De fantoompijnen van het degrowthspook - Steven Vanden Bussche
We zijn een jaar na de veelbesproken degrowthconferentie in het Europees Parlement van 15-17 mei 2023. In die conferentie werd uitgehaald naar de meedogenloze uitwassen van het kapitalisme, de grenzeloze exploitatie van onze planeet en niet te laven dorst naar meer. Een vaak voorkomend verwijt die de degrowthbeweging over zich heen krijgt, is dat ze een utopie nastreeft. In dit stuk wil ik het omgekeerde beweren. De degrowthbeweging streeft een mysantropische dystopie na die met hoge waarschijnlijkheid in een maatschappelijke ravage zou uitmonden. In dit stuk gaan we op zoek naar de fantoompijnen van het degrowthspook.
Op spoken schieten
Stel, u koopt een fiets. Na uw aankoop bent u er ontevreden over en een persoon vraagt u of u de fiets aanraadt. Wat doet u? U bekritiseert de fiets door uit te leggen dat pakweg het zadel hard is of de lak al na enkele waterdruppels afslijt. Wanneer we ons kritisch uitlaten over de basale zaken des levens, is dat vrij eenvoudig: mensen hebben een gelijkaardige conceptie van wat zij onder een goede fiets verstaan.
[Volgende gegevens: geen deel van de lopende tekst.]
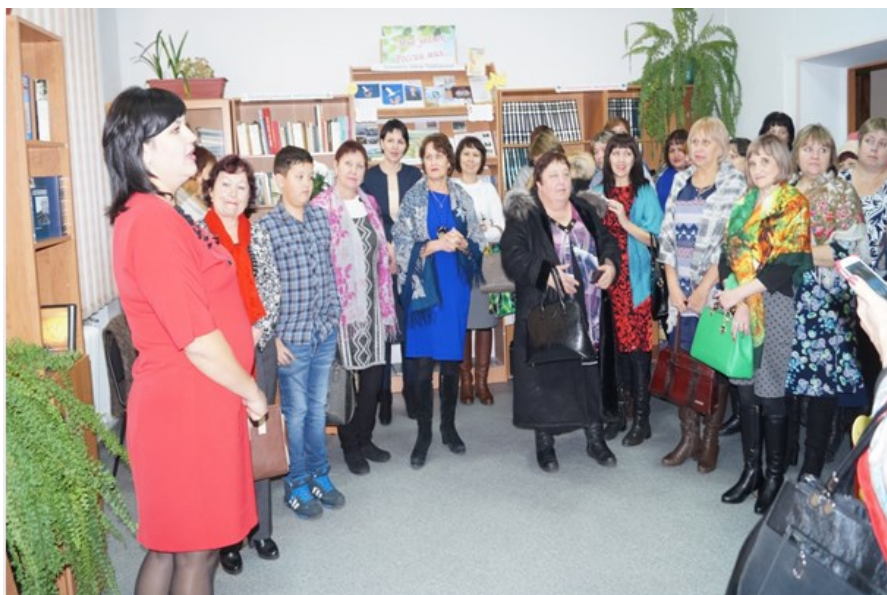
Экскурсия для коллег по обновленной библиотеке, 2016 г.

Wanneer we echter abstracte termen als degrowth bekritiseren, is dat een grotere uitdaging. De term wordt intuïtief verbonden met een hele waslijst aan verschillende concepten. Zo kan de term gezien worden als het tegengestelde, dan wel het niet centraal stellen van groei. Een term die nota bene op z’n beurt weer kan verwijzen naar economische groei of groei in energie- en materiaalgebruik. Die conceptuele verwarring leidt ertoe dat de term een waar spookbegrip wordt: kritieken erop zijn als kogels door een spook schieten, aangezien ze volgens degrowthers geen betrekking hebben op het juiste concept achter het begrip degrowth.
Remedies voor fantoompijn
We laten in het midden of de conceptuele verwarring een retorische truc dan wel een onbedoeld neveneffect van de naamkeuze is. Hoe dan ook dient dit stuk uit te gaan van een conceptualisering die meegaat met hoe degrowthers zélf naar de term kijken. Jason Hickel en Giorgios Kallis, twee van de bekendste stemmen uit de degrowthbeweging, hanteren volgende definitie afkomstig van de Parijse econoom Serge Latouche: “Degrowth is de geplande reductie van energie- en materiaalgebruik (1) in functie van het terugbrengen van de balans met de levende wereld (2) inzake dat het ongelijkheid reduceert en menselijk welzijn verbetert (3).”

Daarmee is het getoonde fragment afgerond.